The Stark Implications of this attack on the privacy community
At this juncture, public release of information specifically identifying the source of this (second) attack has not been made. As already noted, the level of technical sophistication required to create a DDOS of this magnitude suggests that the attackers possessed capabilities more commonly possessed by state-sponsored actors.
It is only speculation, but we can pointedly ask if we have witnessed an assault coordinated by agents and/or authorities who may have acted at the instigation of official governmental bodies who have already confessed on camera their frustration and inability to track and monitor terrorist clandestine activity. Was this attack an effort to reduce universal access to anonymous email service providers and thus clamp down on the free exchange of electronic information affecting not just potential terrorists but free thinkers everywhere?
It is an unfortunate happenstance that the same privately secured networks used by law-abiding and civic-minded citizens can also be used by the murderous and cunning terrorist groups as well.
We might wonder about the motivations of the attackers.
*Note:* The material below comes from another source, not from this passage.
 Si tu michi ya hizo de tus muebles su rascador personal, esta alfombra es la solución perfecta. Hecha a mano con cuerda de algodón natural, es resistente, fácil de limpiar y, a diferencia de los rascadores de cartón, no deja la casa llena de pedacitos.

What advantage could extremist organizations possibly have in attempting to destroy anonymous email providers which they themselves rely on to conduct their subversive anti-state, anti-social, activities undetected?
It is well known that virtual privacy networks and anonymous email services provide non-surveilled, non-censored, communication avenues to activists of every description, journalists, whistleblowers, and other “at risk” groups. These types of cyber secure services provide anonymity to people who may be classified as dissidents or protesters who disagree with officially sanctioned government policies. In a free, democratic and pluralistic society channels by which civil disobedience/protesting and redress of grievance may be expressed under protections of the law are hallmark signs of an open society in which justice can be administered. . Minority groups need a platform to voice dissenting opinions when disagreements arise between competing political interests and the ways in which laws are enforced affect the broad public.
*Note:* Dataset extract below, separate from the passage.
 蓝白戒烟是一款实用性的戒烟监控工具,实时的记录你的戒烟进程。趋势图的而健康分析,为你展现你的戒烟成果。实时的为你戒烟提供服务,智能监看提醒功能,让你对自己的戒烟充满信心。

Unfortunately, there are powerful groups out there determined to oppose the unhindered free access to privacy networks which have a pivotal role in contributing to the modern means for the continued expression of free speech.
The attackers hoped to destroy a community which shares a common cause and vision for an Internet that respects privacy and freedom in which even the most unpopular or disenfranchised can assert their voice without fear of harassment or banishment.
The consumer/citizens ability to obtain the services of providers that bring anonymous email services and virtual privacy network functionality to the internet must be preserved and protected by statutory law that guarantees the to the exercise of free speech.